This guide explains eligibility requirements to vacating a felony in Washington state.
The governing law in Washington on vacating felonies is RCW 9.94A.640. That statute lists all of the requirements you must meet before you are eligible to vacate a felony. The major requirements are set out below.
Felonies that cannot be vacated
Certain felonies can never be vacated. Those are: felony DUI or physical control; any class A felony; any violent offense as defined by RCW 9.94A.030; and any crime against persons as defined by RCW 43.43.830. However, assault 2, assault 3, and robbery 2 can be vacated so long as they did not come with a firearm, deadly weapon, or sexual motivation enhancement and assault 3 also cannot be against a police officer.

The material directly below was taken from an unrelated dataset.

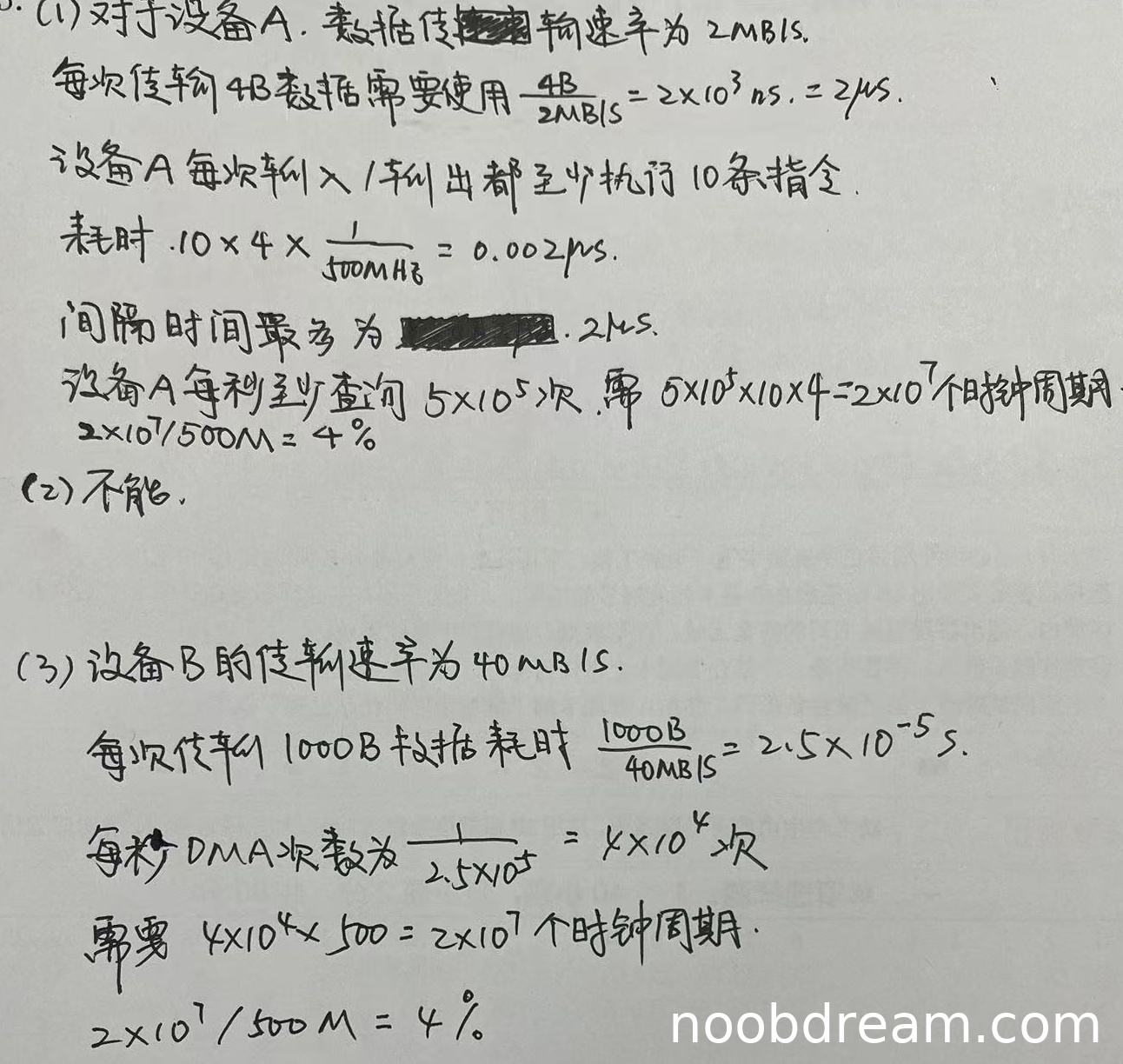学生正确计算了设备B每次DMA传送时间(2.5×10⁻⁵s),正确得出每秒DMA次数(4×10⁴次),正确计算了CPU用于设备B的时钟周期数(2×10⁷个周期)和时间占比4%。计算过程和结果与标准答案完全一致。得2分。
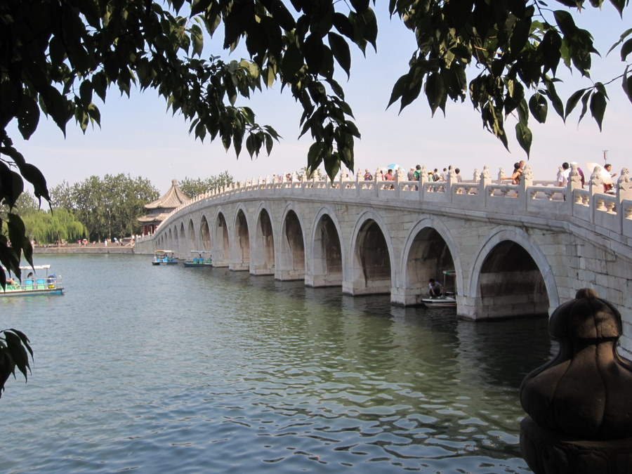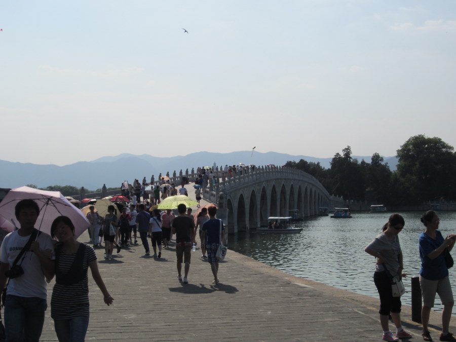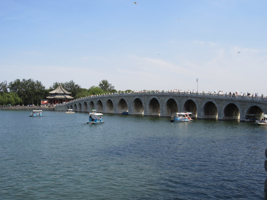 Fra Marmorbåden tog vi en fladbundet dragebåd ud til Nanhu øen, som er landfast med De 17 Buers Bro og gik tilbage mod den østlige indgang.

The general requirements to vacate a felony are: you are not currently charged with any crime in any court and you have received a certificate of discharge. In order to receive a certificate of discharge, you must complete all conditions of your sentence, including fines. However, interest accrued on nonrestitution fines can be waived. The certificate of discharge and the vacate can be done at the same time.
Class C felonies may be vacated five years after you were last released from DOC supervision, total and partial confinement, or from when you were sentenced, whichever occurred last. Class B felonies require a ten year waiting period instead of a five year waiting period.
Additionally, you also cannot have convictions of any kind anywhere in the five years preceding your motion to vacate (class C felonies) or ten years preceding your motion to vacate (class B felonies). But, if you do have convictions in the last five or ten years, those may be vacated first and then the felony(ies) become vacatable.
Effect of vacation
When your conviction is vacated, you're legally allowed to state that you've never been convicted and you're legally allowed to answer "no" on job and housing applications if asked if you've ever been convicted. Vacating the conviction removes the conviction from your official criminal history with the Washington State Patrol.
Seek professional help
This is a very general overview. In all cases, you should seek advice from an experienced attorney for an individualized analysis of your options.